- Directed by: Nayato Fio Nuala
- Written by: Titien Wattimena
- Produced by: Ody Mulya Hidayat
- Starring: Bunga Citra Lestari; Ben Joshua; Richard Kevin;
- Music by: Addie MS
- Production companies: Maxima Pictures I-Media Entertainment Cinema Factory
- Release date: December 7, 2006;
- Running time: 115 minutes
- Country: Indonesia
- Language: Indonesian

= Cinta Pertama (2006 film) =

Cinta Pertama (First Love) is a 2006 Indonesian drama film directed by Nayato Fio Nuala. The film stars Bunga Citra Lestari, Ben Joshua, and Richard Kevin. The soundtrack album, Cinta Pertama, was well received.

== Plot ==
Alya, a 20-year-old woman becomes engaged to Abi, a young businessman. The following day, Abi finds her unconscious, with blood dripping from her nose. Fearful that she has a life-threatening illness, he rushes her to the hospital. As Alya lies in a coma, Abi finds her diary and reads that she still loves her high school sweetheart and first love, Sunny; the two were separated after high school when Sunny left Jakarta for university, without either of them confessing their feelings.

Upon reading his fiancée's diary, Abi decides to search for Sunny and ask him to visit Alya. Sunny, who by that point is already married, agrees after his wife gives him permission. Upon seeing Alya, Sunny's feelings return, and he holds Alya's hand. She wakes up from her coma.

== Production ==
Cinta Pertama was directed by Nayato Fio Nuala, whose previous directing experience was in horror; Hanya Wanita notes that this was evident in some hospital scenes, which were dark and eerie. The script was written by Titien Wattimena.
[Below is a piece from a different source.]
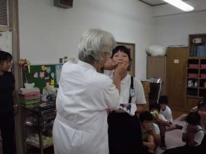 来て頂き、歯に関するお話、歯磨き指導、フッ化塗布を

Bunga Citra Lestari, a first time film actress but long-time sinetron (Indonesian soap opera) actress, was cast for the lead female role. To prepare, she trained with Eka Sitorus. She found the happy scenes to be hardest to act, but was grateful for the workshops and discussions the cast had on set.

Addie MS was chosen to provide the score, with Lestari also providing the vocals for the soundtrack, including the lead song "Sunny", which was written by Dewiq.

== Release and reception ==
Cinta Pertama received wide release on 7 December 2006. It was rated R for remaja, the equivalent of a US PG-13.

Hanya Wanita called Lestari's "touching" (Note: Original: "... mengharukan ...") performance, writing that her emotional struggle showed clearly. The score was praised, with it and the cinematography being compared to other Asian romances.

A song from the soundtrack, "Sunny", was released as a single. It was well received. The soundtrack album, Lestari's first, sold 75,000 copies in the first two weeks.